John Jodzio‘s work has been featured in a variety of places including This American Life, McSweeney’s, and One Story. He’s the author of the short story collections, Knockout (Soft Skull Press, Spring 2016), Get In If You Want To Live and If You Lived Here You’d Already Be Home. He lives in Minneapolis.

 

You have this amazing ability to switch back and forth from flash fiction to short stories and back again. Which did you start writing first and how does your flash fiction writing inform your short stories and vice versa?
 
I started off writing longer short stories, but over time I’ve realized I like to sometimes shrink a story down into the smallest logical/workable space. It hasn’t ever been that hard for me to toggle between the two forms because I don’t really view them as all that different structurally. No matter how weird my subject matter is, I’ve always been a pretty traditional beginning/middle/end writer. Even in my really short flash pieces that format is there, just with a smaller middle.
 
When I was an undergrad in my creative writing program, I wasn’t encouraged by any of my professors to be weird. A lot of our readings were of the traditional literary canon. When I stumbled onto Get In If You Want To Live in 2011, I was genuinely delighted by the surrealism of the flash fiction (and the art in the book and the design also was a bonus). What allowed or encouraged you to work in a surrealistic style? 
 
When I was young writer I was a horrible and boring realist, trying to make my readers sob and having all of my characters have these crappy philosophical conversations through a haze of clove cigarettes. In my real life I am a bit of a goofball and so there was this absolute disconnect in what was writing and my actual personality. At some point one of my friends gave me a copy of “Barrel Fever” by David Sedaris and it really opened my eyes. I was like “I can write funny and weird stuff?”
 
How much of your life do you put in your work?
 
Probably around zero percent. Occasionally there’s a little portion of a story that uses a setting that’s familiar to me, but I don’t think I’ve ever based a character off someone I know or anything like that. Most of my stories come out of some strange scenario that I’ve thought up which I want to explore. Usually these things haven’t ever happened to anyone in real life, but possibly could.
 
Which side of history would you like to be on?
 
I’d like to be on the right side of history, but I often like to put my characters on the wrong side.
 
The one side of indie publishing no one talks about is the promotion aspect. It’s one of those things that I wish would be talked about (and taught) in creative writing programs. What advice would you have for any first-time authors about promoting their work?
 
I don’t really have any magic, but I know that it will definitely help their book if these first time authors have already made some good friends in their local literary scene by being a champion of other people’s work and showing up to lit events.
 
Also, if you have a couple extra bucks and some extra copies of your book to send out to potential reviewers I always put a scratch off lottery ticket inside the book and then follow up with an email saying something like “if you haven’t recycled my book yet you’ll find a scratch off lottery ticket inside that could win you FIVE MILLION DOLLARS”.  I have a pretty decent response rate whenever I do this.     
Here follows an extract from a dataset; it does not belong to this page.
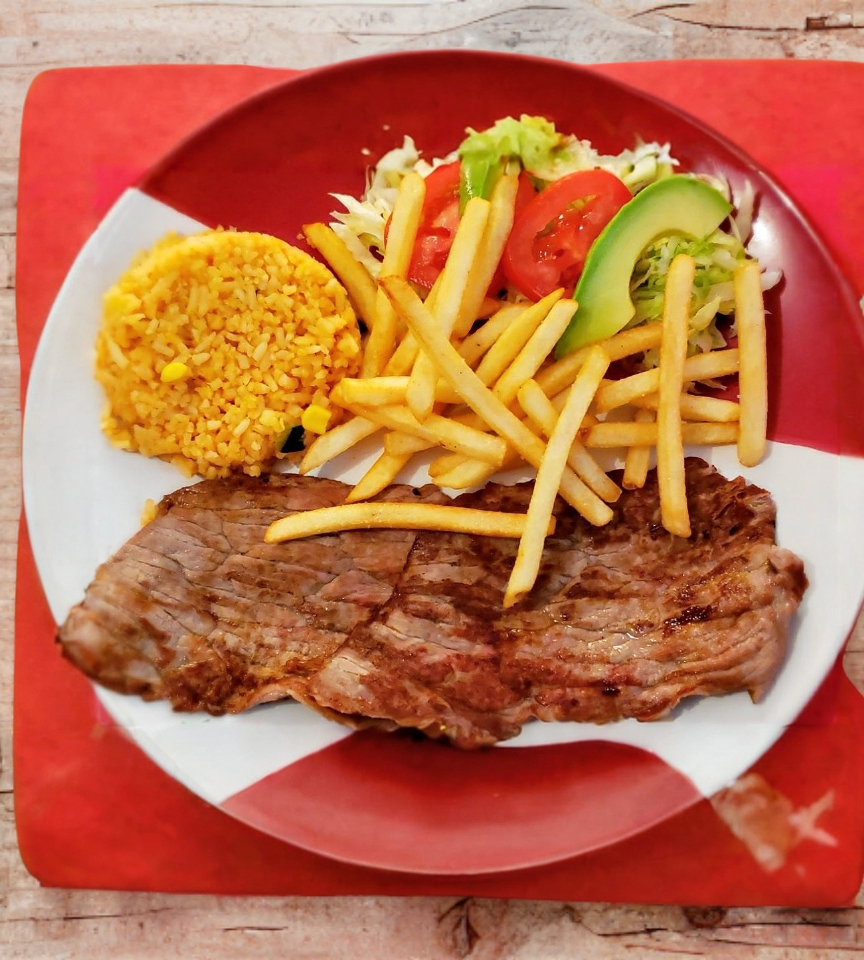 Deliciosa carne gratinada con queso manchego, lechuga, jitomate y papas a la francesa.

From my experience with flash fiction, I discovered that my background as a poet, particularly in writing poems to compete with in poetry slams, helped me make that transition from poetry to flash fiction. What’s your experience, if any, in writing poetry? Bonus points if you are willing to share a poem that you’ve actually written.
 
Sadly I will get no bonus points here as I haven’t ever written any poetry. I can certainly see how someone could shift from poetry to flash – there definitely seems to be a close relation to the concise language and restrictive nature of poetry – I just don’t know if it would work the other way, from flash to poetry. At least it doesn’t seem like it could work for me.
 
What are you currently working on?
 
I am at work on another collection of stories and also a novel. The novel has a lot of drug smuggling and javelins and a pair of scary bald eagles that like to drop stolen hams on people and cars.
 
What’s Minneapolis’s literary scene like?
It’s kind of a perfect and wonderful storm – we’re rich in writing talent, bookstores, small presses (Coffee House, Milkweed, Graywolf), literary journals, (Paper Darts, Revolver, The Riveter, etc.) and literary orgs (i.e. The Loft Literary Center) and there are a shitload of readers that live here.